Work request.
Exclude all pictures from your copy of the data below, which should otherwise match exactly.

Stored data.
[Start of section]

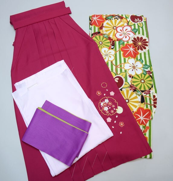 | 項目 | 二尺袖着物袴フルセット ・二尺袖着物 ・二尺袖長襦袢(白地の半襟付き) ・重ね衿(着物に縫いつけられています) ・袴 ・袴下帯(浴衣帯にも使用できます。) ■袴下帯につきましては、モデル着用の物ではではなく、2枚目、3枚目に掲載されている商品になります ■半衿は、モデル着用の刺繍の半襟ではなく、白の無地半衿になります |
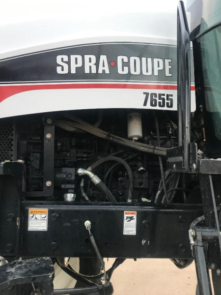 2010 Spra Coupe 7655 Sprayer (PD1129), Perkins Diesel engine, AC/Heat, AM/FM Radio, Envisio Pro Monitor, 60/90 foot booms, Integrated auto steer, 5 section boom, 3 way nozzle bodies, foam marker system, 380/90R46 row crop tires, 650/65r38 Float tires for rear axle, shows 1267 hours.
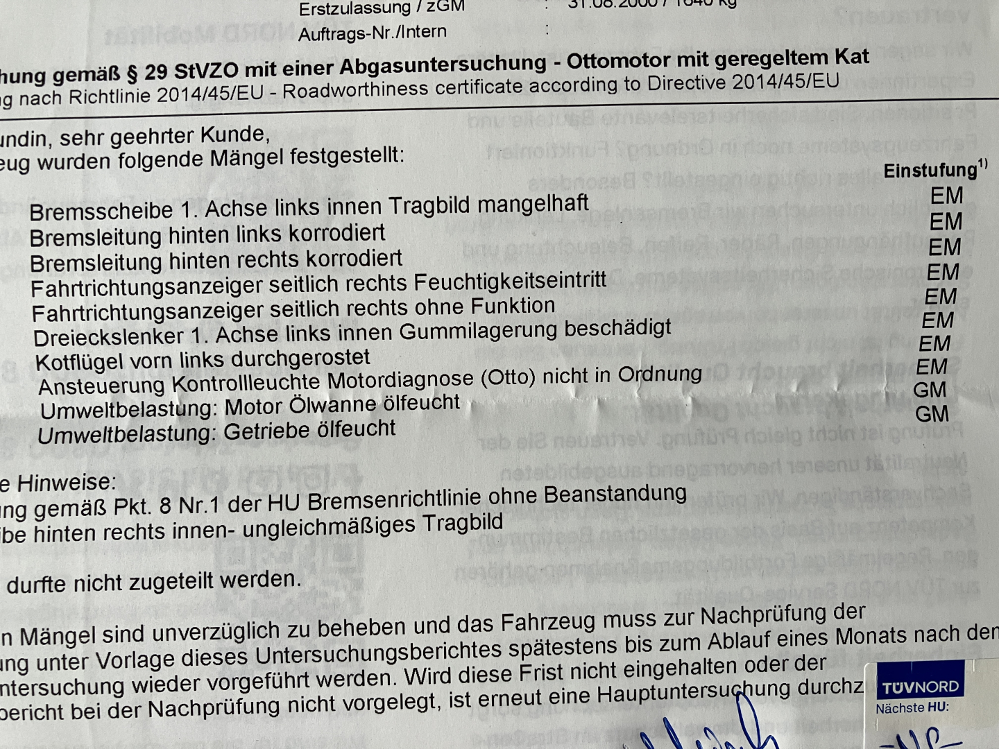 (Mängel siehe TÜV–Bericht – Foto; der Blinker rechts/seitlich funktioniert bereits wieder:))

[End of section]

Final answer.
 | 項目 | 二尺袖着物袴フルセット ・二尺袖着物 ・二尺袖長襦袢(白地の半襟付き) ・重ね衿(着物に縫いつけられています) ・袴 ・袴下帯(浴衣帯にも使用できます。) ■袴下帯につきましては、モデル着用の物ではではなく、2枚目、3枚目に掲載されている商品になります ■半衿は、モデル着用の刺繍の半襟ではなく、白の無地半衿になります |
 2010 Spra Coupe 7655 Sprayer (PD1129), Perkins Diesel engine, AC/Heat, AM/FM Radio, Envisio Pro Monitor, 60/90 foot booms, Integrated auto steer, 5 section boom, 3 way nozzle bodies, foam marker system, 380/90R46 row crop tires, 650/65r38 Float tires for rear axle, shows 1267 hours.
 (Mängel siehe TÜV–Bericht – Foto; der Blinker rechts/seitlich funktioniert bereits wieder:))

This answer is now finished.